MORE LIKE US: MAKING AMERICA GREAT AGAIN by James Fallows, Boston: Houghton Mifflin, 245 pp., $18.95
JAMES FALLOWS is one of America's best younger journalists. Five years ago, when Esquire asked David Halberstam (one of the country's best older journalists) to write a piece on the most promising scribe of the baby-boom generation, he chose Mr. Fallows.
A Wunderkind from Harvard, Fallows, at 28, was a speech writer for Jimmy Carter (and blew the whistle on the chaos at the White House in 1978). Next, in the enviable job of Washington correspondent for The Atlantic, Fallows wrote brilliantly on the need for American reindustrialization and on issues of insider politics, and even kept readers abreast of new software in the microcomputer revolution of the early '80s. In 1986, he suddenly went to Asia to live and write in Japan and Malaysia.

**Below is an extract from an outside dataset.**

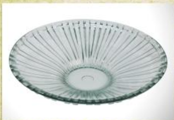
UD2559L Mod. Barcelona Fruteira, saladeira, centro de mesa 370mm (diam.) x 75mm (alt.)

This, Fallows's second book, is a meditation on one of the prime causes of anxiety in the United States today: the possible loss of preeminence in the world as Americans continue to be economically outperformed by Asians, and to some extent Europeans.
The trade deficit, large foreign holdings in US real estate and stock, poor comparative performance in math and science by American students - all are causes for concern. ``It's time to acknowledge a cultural danger,'' Fallows writes.
The main insight of his book, which begins with a comparison between Japanese and American cultures (and notes a dark, nationalist-racist side to the Japanese), is that if Americans try to outcompete and outsacrifice other countries, they will lose.
What America needs is to rediscover the distinctive qualities in its own character. For Fallows, this is the archetypal American faith in openness and optimism; in the second chance; in fluidity and mobility; in rebirth; in the fair deal for the average guy; in the guts to pack up and head for California, full of hope for the future.
Rather than copy people in other nations, the way for Americans to adjust to a changing world is to be ``more like us,'' Fallows writes.
In a section titled ``Reinvented Lives,'' Fallows offers examples of Americans who typify his ideal.
Buddy Ginn starts a new life as a jack-of-all-trades on Texas oil rigs after leaving behind a series of failures and scrapes in his Indiana hometown.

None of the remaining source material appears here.